Like Beatlemania in the 1960s, Afrobeatsmania is at an all-time high, and pantheons Wizkid and Burna Boy are riding that wave to Rockstar level superstardom. On August 15, 1965, The Beatles redefined concerts, performing in New York’s Shea Stadium to 55,000 rapturous fans.
It would mark the first musical concert to be held in a stadium. At that time, sceptics referred to it as a curious aberration, and they were right. How do you sell out a 55,000-capacity arena for a 55-minute show? For more context, the population of San Marino today is about 36,000; The Beatles had nearly double the population of an entire country singing and wailing at their feet at the Shea. That is the power that music has.



In case you missed it, like The Beatles in 1965, Wizkid and Burna Boy are set to headline their first and Afrobeats’ first stadium concerts later this year. While Burna Boy’s concert will hold on June 3 at the London Stadium in England, Wizkid’s will hold at the recently constructed Tottenham Hotspur stadium in the same London (date: TBC). Both stadiums have the individual capacity to take up to 60,000 people.
Just in case you wonder why rock music is closely associated with stadiums, the success of The Beatles’ 1965 exploit has a significant part to play–apart from rock’s spirited and possessive synths, and quality sound engineering and production, of course. The same bewitching synths have helped propel Afrobeats somewhere near the more established global mainstream genres: pop, rock, and R&B.

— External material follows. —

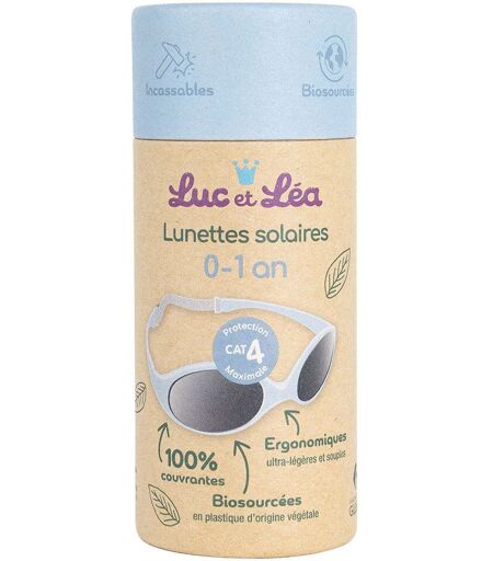 Les lunettes de soleil Luc & Léa en bleu dragé, spécialement conçues pour les bébés de 0 à 1 an, offrent une protection optimale contre les rayons solaires extrêmes. Fabriquées en plastique d'origine végétale à base d’huile de ricin, ces montures biosourcées sont respectueuses de l’environnement. Les verres en polycarbonate de catégorie 4 garantissent la plus haute protection UV, idéale pour les sorties en montagne, à la plage ou en poussette.La monture est incassable et ultra-légère (8 grammes), avec des charnières sans vis pour plus de sécurité et de confort. La forme des montures est adaptée à la morphologie du visage de bébé, assurant un bon maintien sans glisser. Les branches latérales épaisses enveloppent les yeux de bébé pour une protection optimale, de face et sur les côtés. Dotées d'un bandeau élastique ajustable et détachable, elles s'adaptent parfaitement pour un usage sécurisé et confortable.Ces lunettes de soleil sont fournies avec un étui en carton recyclable et une pochette en microfibre, garantissant une protection optimale lors du rangement.BénéficesAdaptées pour les bébés de 0 à 1 anVerres de catégorie 4 pour une protection solaire maximaleFabriquées en plastique d'origine végétale (huile de ricin), biosourcées et respectueuses de l’environnementUltra-légères (8 grammes) pour le confort de bébéCharnières sans vis, branches latérales épaisses pour une sécurité accrueBandeau élastique ajustable et détachable pour un maintien optimalFournies avec un étui recyclable et une pochette en microfibreApplicationPour une protection maximale, installez bébé à l’ombre et équipez-le d’une casquette. Nettoyez les lunettes après chaque utilisation avec de l’eau tiède et un savon neutre, puis séchez-les avec un chiffon doux. Rangez-les dans l’étui protecteur fourni pour les conserver en parfait état. ...

However, while it remains to be seen whether Wiz and Burna will match or exceed The Beatle’s New York’s Shea attendance, their antecedents–sold out 20,000-plus capacity arenas in the past–affirm their credibility to pull off such a monumental feat. Ziggo Dome, Amsterdam; o2, London; Madison Square Garden, New York; Wembley Arena, London; these high-profile concert venues have been sold out by either Burna or Wizkid in the build-up to their planned experimentation with stadiums.



Indeed, if Wizkid and Burna Boy respectively manage to pull off selling out the Tottenham Hotspur Stadium and the London Stadium, it will cement their legacy as global superstars; not just Afrobeats pioneers or deities, but global pantheons, who achieved the ultimate and highly elusive stadium status.